Questo nuovo Venom è totalmente diverso da quello vecchio. Il simbionte è infatti finito nelle mani dell'esercito, che decide di tentare un nuovo progetto Rinascita (lo stesso che aveva dato i poteri a Steve Rogers, Capitan America) affidando il simbionte ad un certo caporale di nostra conoscenza, Eugene "Flash" Thompson. Conosciuto per lo più per essere stato il bullo che tormentava il giovane Peter Parker, Flash ora è cresciuto, è entrato nell'esercito ed ha combattuto per la sua patria, perdendo le gambe. La sua situazione attuale non è delle migliori, ha smesso da poco di bere grazie alla sua Betty Brant, una vecchia fiamma del nostro amichevole Spidey di quartiere, ed ha rotto tutti i contatti con il padre, anch'esso alcolista, che lo picchiava continuamente da bambino. In questo triste momento della sua vita viene chiamato a servire la patria, per indossare il costume di Venom che lo doterà di grandi poteri, oltre a restituirgli le gambe.
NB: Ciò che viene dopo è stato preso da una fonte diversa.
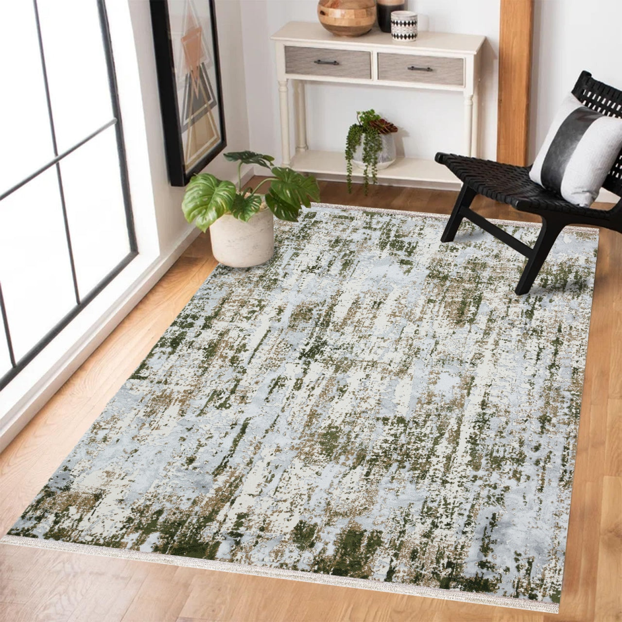 Yeşil Modern Modern Etnik Desenli Halı | Makinada Yıkanabilir | Hav Toz Vermez | Leke Tutmayan | Kaymaz Taban | Dijital Makine Baskı | Salon Yolluk Mutfak Halısı
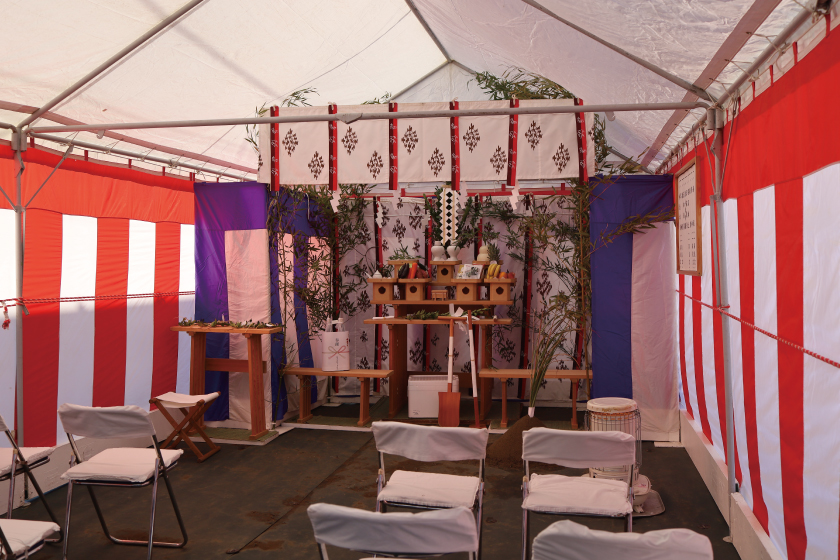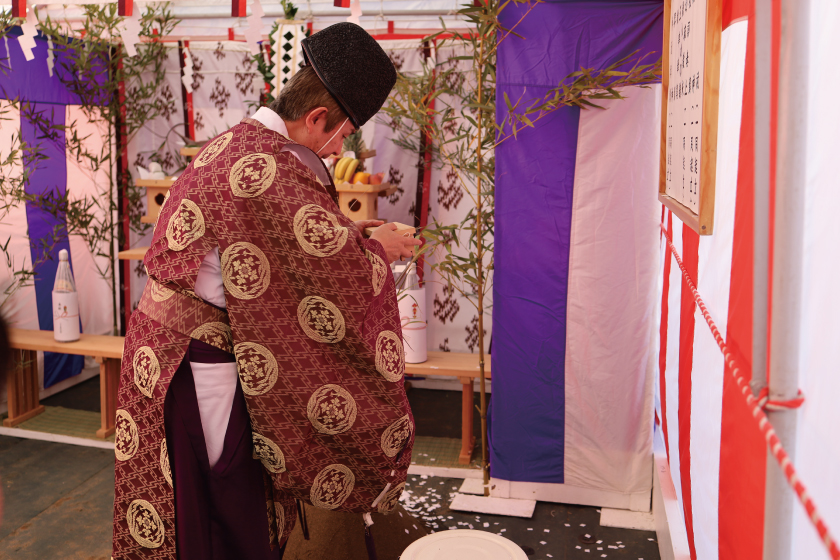 土地の四方に米を模した紙を撒くことで土地のお清めを行い、工事の安全と建物の繁栄を祈願します。

È questo lo status quo da cui parte Remender, per stravolgere la vita di Flash con una trama a lungo respiro che lascia con il fiato sospeso. Da questo momento infatti si susseguiranno una serie di saghe che analizzeranno l'uomo che Flash è diventato, la differenza tra Soldato ed Eroe, la ricerca della redenzione, la simbiosi tra Venom e Thompson, il rapporto con il padre... Ed è forse quest'ultimo il tassello principale su cui verte tutto il ciclo di storie. Il rapporto con un padre rinnegato, la cui continua ricerca di approvazione non ha mai portato nulla di buono, e l'evoluzione ad un altro uomo, per non cadere negli stessi errori di chi lo aveva cresciuto a suon di pugni ed umiliazioni.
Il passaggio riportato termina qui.